By performing the pretreatment described above in the method for producing a magnetic powder of the present disclosure, the amorphous component is removed before the precursor of the magnetic powder is formed, and the impurities are removed after the precursor of the magnetic powder is formed. It is considered that the formation of undesired fine particles due to the amorphous component was suppressed as compared with the method of performing the treatment.

Claims (5)

It contains at least one epsilon-type iron oxide-based compound selected from the group consisting of ε-Fe ₂ O ₃ and a compound represented by the following formula (1).
It is a magnetic powder with an average particle diameter of 8 nm to 25 nm.
The content of the magnetic powder having a particle diameter of 7.5 nm or less with respect to the total magnetic powder is 5% by number or less.
The following equation (2nd-order differentiation of the magnetization M obtained from the magnetic field-magnetization curve obtained by measuring at a maximum applied magnetic field of 359 kA / m, a temperature of 296 K, and a magnetic field sweep speed of 1.994 kA / m / s with the applied magnetic field H ( When the magnetic field where the value of I) becomes zero is Hc'and the value of the magnetic field where the magnetization becomes zero in the magnetic field-magnetization curve is Hc, the value of Hc with respect to Hc'is 0.6 or more and 1.0 or less. A magnetic powder whose Hc satisfies the following formula (III).
d ² M / dH ² equation (I)
269 kA / m ≤ Hc ≤ 310 kA / m Equation (III)

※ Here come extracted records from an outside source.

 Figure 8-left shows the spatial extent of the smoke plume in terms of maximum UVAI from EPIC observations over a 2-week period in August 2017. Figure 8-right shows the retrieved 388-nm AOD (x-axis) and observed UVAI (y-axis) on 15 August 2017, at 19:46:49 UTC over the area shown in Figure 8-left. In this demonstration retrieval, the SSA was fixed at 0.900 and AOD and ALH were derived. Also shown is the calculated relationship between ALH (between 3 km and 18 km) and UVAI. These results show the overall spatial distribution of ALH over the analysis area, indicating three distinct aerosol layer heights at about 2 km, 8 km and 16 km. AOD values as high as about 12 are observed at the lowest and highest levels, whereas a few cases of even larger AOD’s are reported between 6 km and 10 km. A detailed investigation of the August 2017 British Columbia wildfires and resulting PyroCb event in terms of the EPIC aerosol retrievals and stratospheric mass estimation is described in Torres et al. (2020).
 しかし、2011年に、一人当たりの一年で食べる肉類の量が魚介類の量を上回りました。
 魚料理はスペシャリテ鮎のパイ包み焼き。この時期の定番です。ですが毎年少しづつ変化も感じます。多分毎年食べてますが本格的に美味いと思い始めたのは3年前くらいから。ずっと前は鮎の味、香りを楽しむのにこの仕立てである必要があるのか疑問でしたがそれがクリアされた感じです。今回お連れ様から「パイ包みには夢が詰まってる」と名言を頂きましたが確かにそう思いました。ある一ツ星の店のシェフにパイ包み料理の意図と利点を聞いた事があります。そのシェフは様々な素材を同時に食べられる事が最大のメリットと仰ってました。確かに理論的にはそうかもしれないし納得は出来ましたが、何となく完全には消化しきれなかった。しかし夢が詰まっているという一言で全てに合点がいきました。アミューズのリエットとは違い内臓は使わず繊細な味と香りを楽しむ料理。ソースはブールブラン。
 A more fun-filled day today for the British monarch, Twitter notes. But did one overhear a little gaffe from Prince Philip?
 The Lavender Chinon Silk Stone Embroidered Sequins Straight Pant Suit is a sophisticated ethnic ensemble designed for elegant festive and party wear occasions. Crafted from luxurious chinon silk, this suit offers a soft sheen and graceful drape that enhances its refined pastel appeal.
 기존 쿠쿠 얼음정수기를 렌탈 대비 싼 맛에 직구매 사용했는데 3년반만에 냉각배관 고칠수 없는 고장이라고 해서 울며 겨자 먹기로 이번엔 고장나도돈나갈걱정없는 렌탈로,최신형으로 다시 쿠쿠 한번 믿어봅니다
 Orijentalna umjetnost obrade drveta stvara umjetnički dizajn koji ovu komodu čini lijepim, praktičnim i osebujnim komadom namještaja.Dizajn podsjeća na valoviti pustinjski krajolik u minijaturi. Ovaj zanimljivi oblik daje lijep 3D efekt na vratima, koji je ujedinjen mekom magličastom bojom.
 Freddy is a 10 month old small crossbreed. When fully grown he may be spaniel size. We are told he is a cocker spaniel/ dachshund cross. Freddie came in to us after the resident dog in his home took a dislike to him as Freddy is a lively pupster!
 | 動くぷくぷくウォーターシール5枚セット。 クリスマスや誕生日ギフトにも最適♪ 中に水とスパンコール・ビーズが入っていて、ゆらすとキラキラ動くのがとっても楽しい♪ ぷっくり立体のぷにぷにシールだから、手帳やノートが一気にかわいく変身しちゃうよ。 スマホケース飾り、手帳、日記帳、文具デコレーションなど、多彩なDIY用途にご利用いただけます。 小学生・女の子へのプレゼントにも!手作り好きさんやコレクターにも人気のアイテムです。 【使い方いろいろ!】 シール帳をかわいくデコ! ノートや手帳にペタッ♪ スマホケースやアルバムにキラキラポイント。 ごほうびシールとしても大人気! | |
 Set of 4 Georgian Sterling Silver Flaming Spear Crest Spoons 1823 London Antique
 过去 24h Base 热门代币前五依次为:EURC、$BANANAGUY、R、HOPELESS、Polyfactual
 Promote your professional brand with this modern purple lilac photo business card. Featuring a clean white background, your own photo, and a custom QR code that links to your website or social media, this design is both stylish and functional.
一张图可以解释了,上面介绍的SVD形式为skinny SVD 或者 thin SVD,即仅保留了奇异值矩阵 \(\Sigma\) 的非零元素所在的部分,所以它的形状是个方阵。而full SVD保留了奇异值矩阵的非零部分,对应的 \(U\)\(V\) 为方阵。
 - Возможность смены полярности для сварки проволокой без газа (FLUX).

In the formula (1), A represents at least one metal element other than Fe, and a satisfies 0 <a <2. The magnetic powder according to claim 1, wherein the compound represented by the formula (1) is a compound represented by the following formula (1-2).

In formula (1-2), A ¹ represents at least one trivalent metal element selected from the group consisting of Ga, Al, In, and Rh, and A ² is derived from Mn, Co, Ni, and Zn. Represents at least one divalent metal element selected from the group consisting of, and A3 represents at ^least one tetravalent metal element selected from the group consisting of Ti and Sn. x satisfies 0 <x <1, y satisfies 0 <y <1, z satisfies 0 <z <1, and x + y + z <2. The content of at least one iron oxide-based compound selected from α-Fe ₂ O ₃ and γ-Fe ₂ O ₃ is from the group consisting of ε-Fe ₂ O ₃ and the compound represented by the above formula (1). The magnetic powder according to claim 1 or claim 2, wherein the content of at least one selected epsilon-type iron oxide-based compound is 20 parts by mass or less with respect to 100 parts by mass. The magnetic powder according to any one of claims 1 to 3, wherein the content of the magnetic powder having a particle diameter of 7.5 nm or less with respect to the total magnetic powder is 4 % by number or less. A magnetic recording medium having a non-magnetic support and a magnetic layer containing the magnetic powder according to any one of claims 1 to 4 on the non-magnetic support.